Spätestens hier zieht bei dem einen oder anderen etwas Wehmut durchs Gemüt, wohl wissend wie groß Weißwassers Glasindustrie mal war, dass es auch hier eine Glasfachschule gegeben hat. Dennoch spielt Glas weiterhin eine große Rolle in Weißwasser. Stölzle Lausitz, Telux und SpiegelArt halten die Fahne auch mit ihren Innovationen hoch.
Um so trauriger ist es, dass kein Vertreter dieser Firmen der Einladung zur Ausstellungseröffnung gefolgt ist, findet Christine Lehmann.
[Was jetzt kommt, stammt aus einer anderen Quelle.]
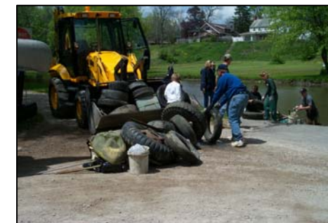
At the end of the Mill Creek cleanup in Yale City Park, volunteers roll tires out of their canoes and into a tractor waiting to dispose of them.

On Mill Creek, six canoes floated down a 3-mile stretch of river and pulled out a dumpster-worth full of trash. In Port Huron Township, students from Central, Chippewa and Memphis middle schools helped remove litter from Stocks Creek. Volunteers with Algonac State Park used heavy equipment to pull out all the debris they found in the Marine City Drain. On the Pine River volunteers worked long and hard to clear the river of log jams and other debris to make it navigable for canoeing. The scenic Belle River in Columbus Township had volunteers pulling out furniture of all shapes and sizes.
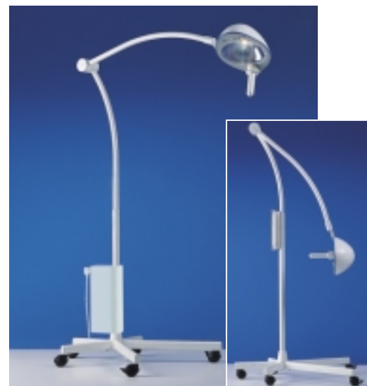
blue 30 S hospital – 30,000 lux with back-up battery

With many practical properties the HANAULUX blue 30 S/blue 30 models are an excellent addition to minor treatment rooms: mobile, hospital, wall or ceiling versions.
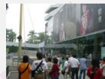
Shaking experience, AV record of quake
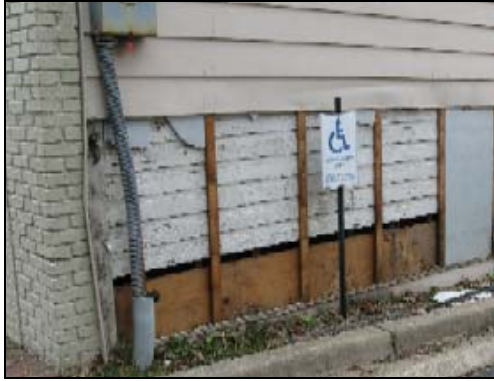
West elevation with German Siding, November 2007

Auch die Stadträte glänzen bis auf eine Person durch Abwesenheit.

Die Ausstellung

Das Glasmuseum Weißwasser ist für das 8. Internationale Symposium des gravierten Glases, den der gleichnamige Verein sowie die Glasfachschule in Kamenicky Senov ausgerichtet haben, Projektpartner.
Die Glasarbeiten wurden von Teilnehmern aus Litauen, Lettland, Bulgarien, Mazedonien, Finnland, Brasilien, Rumänien und Deutschland angefertigt.
„Gravur/modern“ ist bis zum 4. Juni zu folgenden Öffnungszeiten zu sehen: Dienstag bis Freitag von 9 bis 16 Uhr, Sonnabend und Sonntag von 13 bis 17 Uhr.